This story is nearly identical to Jātaka 30, The Ox Who Envied the Pig.” It is part of the “Be careful what you wish for” series.


Envy not what Celery eats.” The Master told this story at Jetavana. It is about the temptation springing from a fat girl. The circumstances will be explained in the Cullanāradakassapa story (Jātaka 477). So the Master asked this monk whether it was true he had fallen in love. “Yes,” he said. “With whom?” the Master asked. “With a fat girl.” “That woman, brother,” the Master said, “is your ruin. Long ago, as now, you became food for the crowd through your desire to marry her.” Then at the request of the monk, he told him this story from the past.

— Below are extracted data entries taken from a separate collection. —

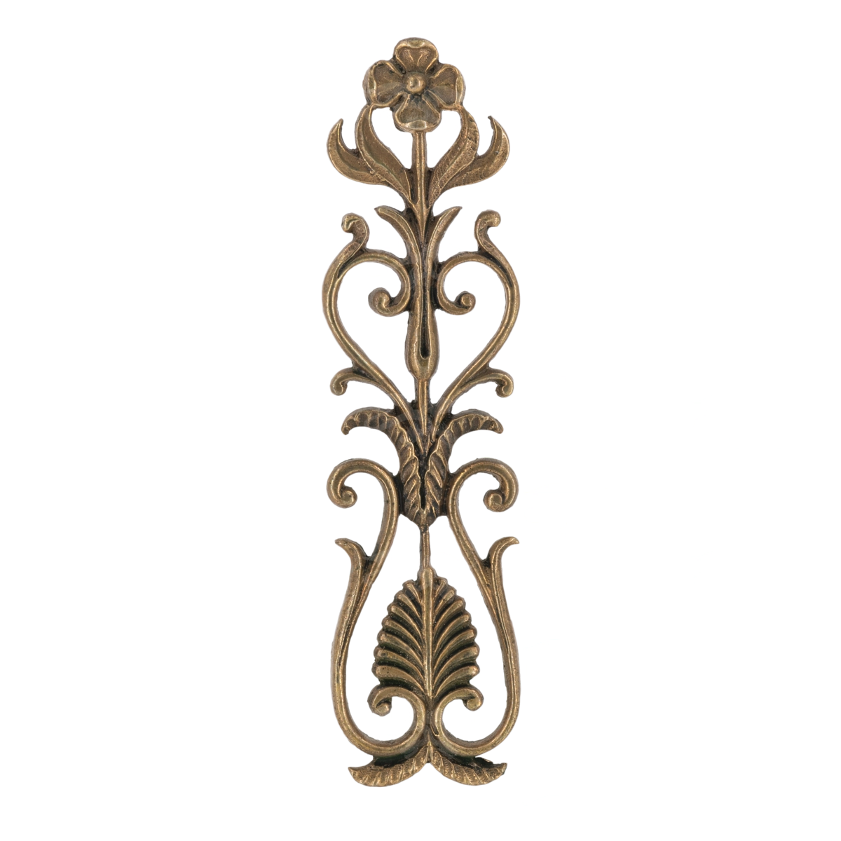 Мастерская «Калежа» создает уникальные пальметты – накладки в форме веерообразных листьев. Представленная работа может быть образцом при выполнении новых изделий. Она изготовлена по технологии художественного литья, где материалом послужила латунь. Мы выполняем подобные заказы в сжатые сроки – в течение трех недель. Также возможно создание фурнитуры по предоставленным эскизам клиентов.
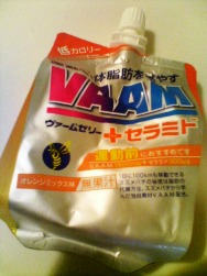 秋おすすめヘルシーフード☆ ヴァームゼリーの+セラミドです。このシリーズは運動前に飲むと17種類のアミノ酸の働きで体脂肪を燃やしてくれるという優れものです。これは体脂肪燃焼に美容サポートとしてセラミドが含まれています。ダイエットスペシャルに比べるとカロリーは多いですがそれでも35ckalと低カロリー。これはオレンジの味ですっきり飲めます。
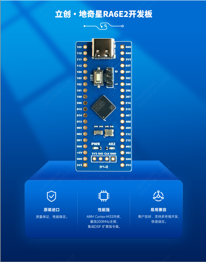 本次超级会员日首发的立创·地奇星,使用瑞萨R7FA6E2BB3CNE主控,搭载Cortex-M33内核,Code flash 256KB、Data flash 4KB、SRAM 40KB,最高200MHz主频,可以提供高效的计算能力。支持 E2-lite、J-Link等方式调试;支持E2 studio、KEIL5等软件开发;多种通信接口如UART、SPI、I2C、13C、CAN、FD等,以及广泛的GPIO引脚。
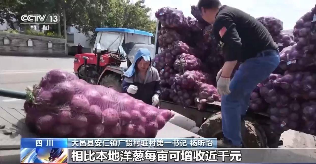 四川大邑县安仁镇广贤村驻村第一书记 杨昕怡:村里引进了红珠1号水果洋葱新品种,相比本地洋葱每亩可增收近千元,有效地带动了村民增收致富。
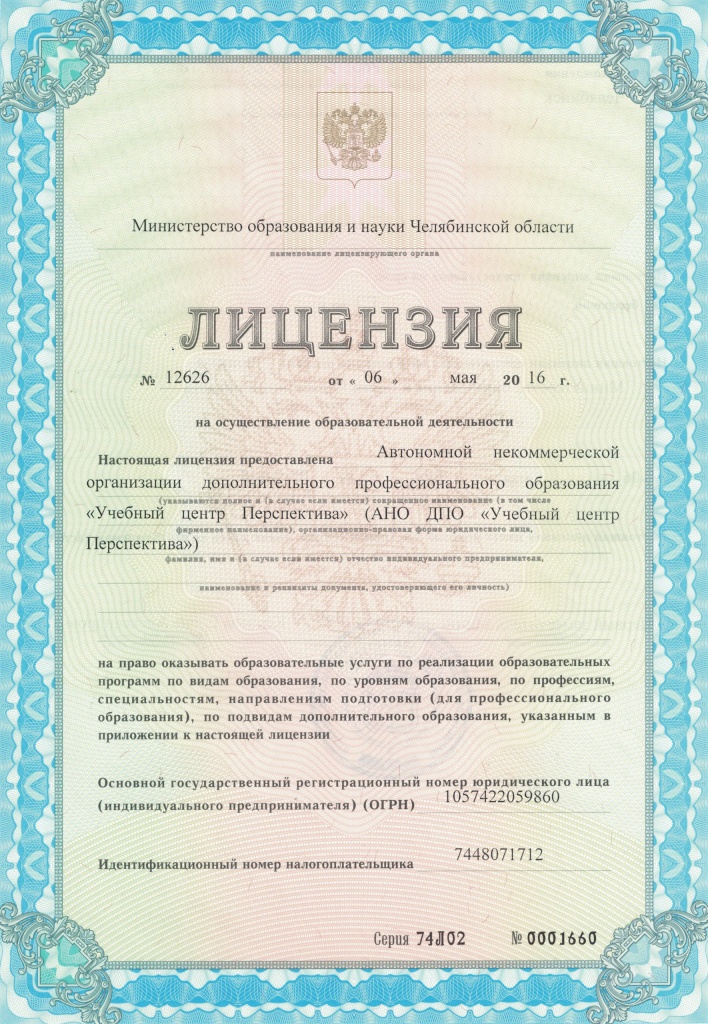 - Лицензия на осуществление образовательной деятельности №12626 от 16 мая 2016г.
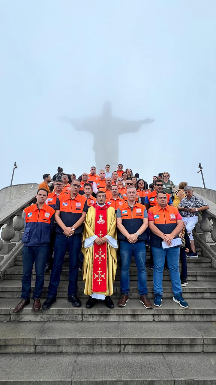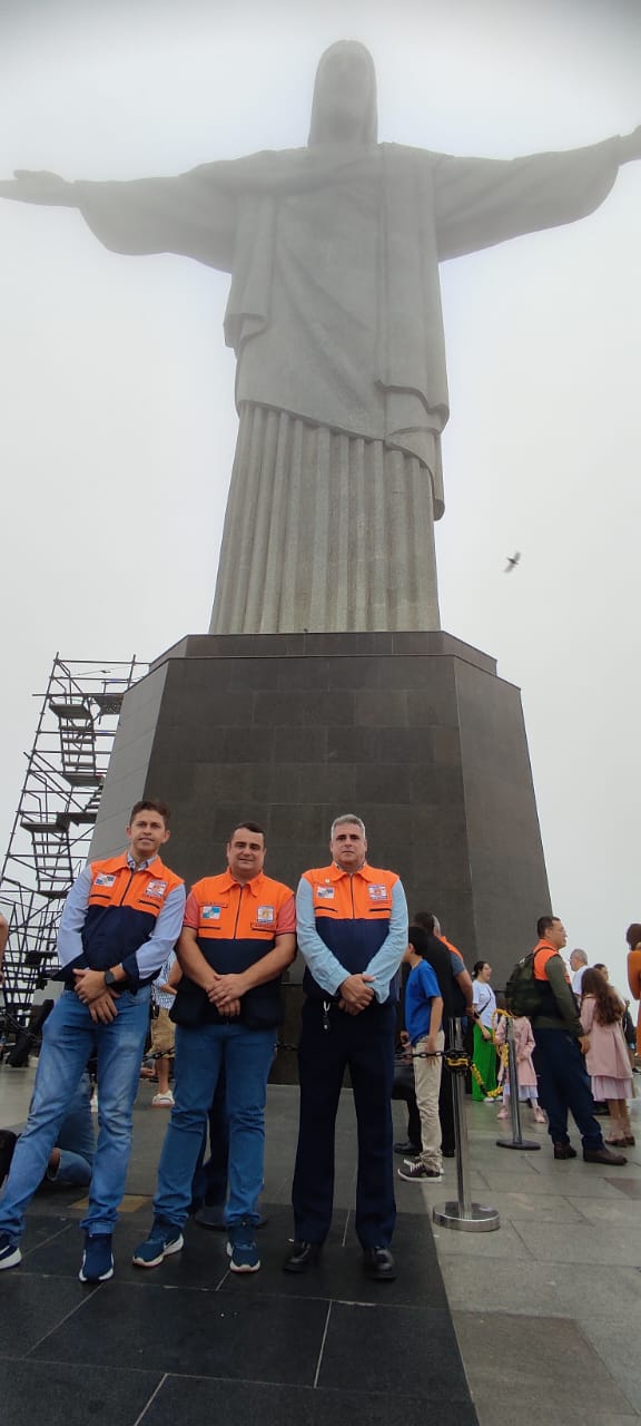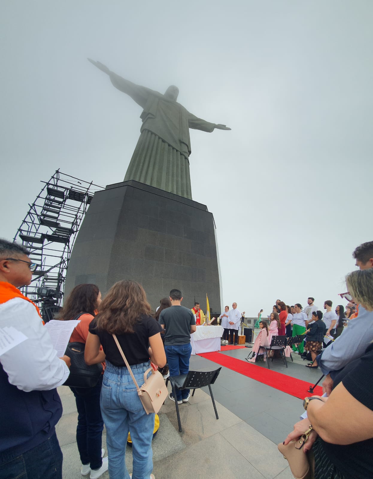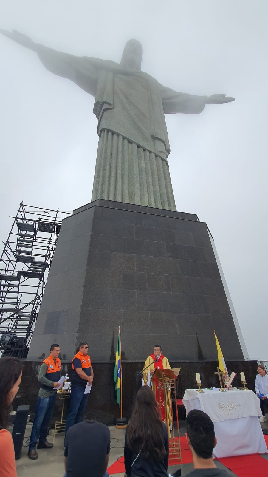 O evento foi realizado no Cristo Redentor, cartão postal do Rio de Janeiro, sob um tempo bastante nublado.

Once upon a time, when Brahmadatta reigned in Benares, the Bodhisatta was an ox named Big Redcoat. He had a young brother called Little Redcoat. Both of them worked for a family in some village.

In this family there was a grown-up girl who was asked in marriage by another family. Now in the first family a pig called Sālūka—or “Celery”—was being fatted to serve for a feast on the wedding day. (“Sālūka” literally is the edible root of a lotus flower.) The pig used to sleep in its own pen.

One day Little Redcoat said to his brother, “Brother, we work for this family, and we help them to earn their living. Yet they only give us grass and straw to eat, while they feed the pig with rice porridge and let it sleep in a pen. And what can the pig do for them?”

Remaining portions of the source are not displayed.